What better tidings?


Of all the immediate consequences of our Lord's mission

the gift of the Spirit is the most precious, embracing

regeneration, sanctification, comfort, strength & gladness!


To give the Holy Spirit to Christians was the main object

of His coming.


"the planting of the Lord that He might be glorified"


Nothing gives so much glory to God as the proved

righteousness of saints!





A company of faithful men, who persistently and

determinately "eschew evil and do good", who lead

holy lives and "shine like lights in the world",  "adorning

the doctrine of God their Saviour in all things" and are the

"salt of the earth"


v. 2 – “To proclaim the acceptable year of the Lord. An “acceptable

year,” or “year of acceptance,” is a space of time during which God would

be pleased to accept such as repented and turned to Him. It is, of course,

not intended to limit the space to a “year.” The space is rather the term of

our sojourn here below – “The day of vengeance” - The “day” of vengeance

is contrasted with the “year” of acceptance, to indicate God’s long-suffering

and patience towards sinners (comp. Isaiah 34:8; and see also Exodus 20:5, 6).

To comfort all that mourn”; i.e. all who “sorrow after a godly sort”

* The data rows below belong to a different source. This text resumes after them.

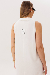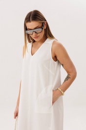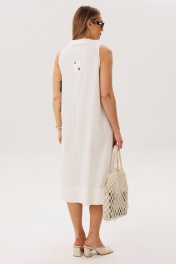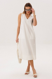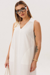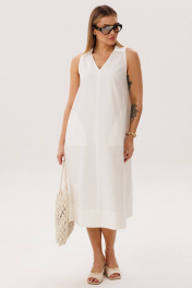 Льняное платье-это про натуральность и комфорт. Оно идеально для жарких дней, выглядит обворожительно и наряду с этим крайне удобно и красиво. Свободный А-силуэт, английская пройма, V-образный вырез, воротник, фигурная линия низа. Полочка с центральным швом, боковыми рельефами с фигурными карманами. Спинка со средним швом, боковыми рельефами и эффектной нашивкой. Особую привлекательность модели придает широкая подгибка низа. Длина платья около 117 см.
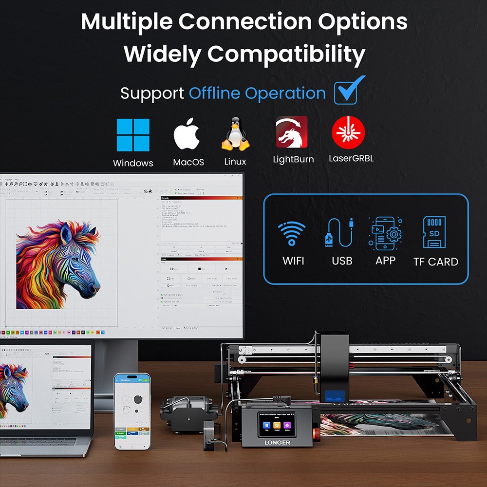 LightBurn kompatibilitás, több platform támogatás (Windows, macOS, Linux) – ez az a szint, ahol már nem a gép határozza meg a workflow-t.
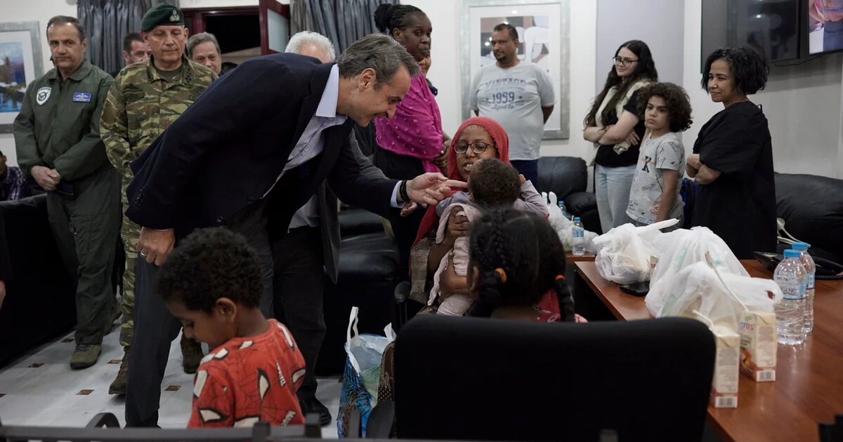 Ο Κυριάκος Μητσοτάκης συναντήθηκε στην αεροπορική βάση της Ελευσίνας με τους διασωθέντες από το εμπόλεμο Σουδάν, λίγο μετά την προσγείωση του C-130, το οποίο τους μετέφερε.

(2 Corinthians 7:11) — all who mourn their transgressions and shortcomings,

theirsins, negligences, and ignorances,” with a hearty desire to be rid of them,

and to serve God truly in the future.


v. 3 – “To appoint… to give” -  The latter expression is a correction of

the former, which was not wide enough. Messiah is sent to give to the

godly mourners:


  • “beauty for ashes”; or “a crown for ashes,” i.e. a crown of glory in lieu

      of the ashes of repentance which it was customary to sprinkle upon the



  • “the oil of joy for mourning”; or the anointing of the Spirit in lieu of

      that plenteousness of tears which naturally belonged to mourners; and


  • “the garment of praise for the spirit of heaviness” - or a glad heart

      inclined to praise God, in lieu of a heavy one inclined to despair. Christian

      experience witnesses to the abundant accomplishment of all these purposes.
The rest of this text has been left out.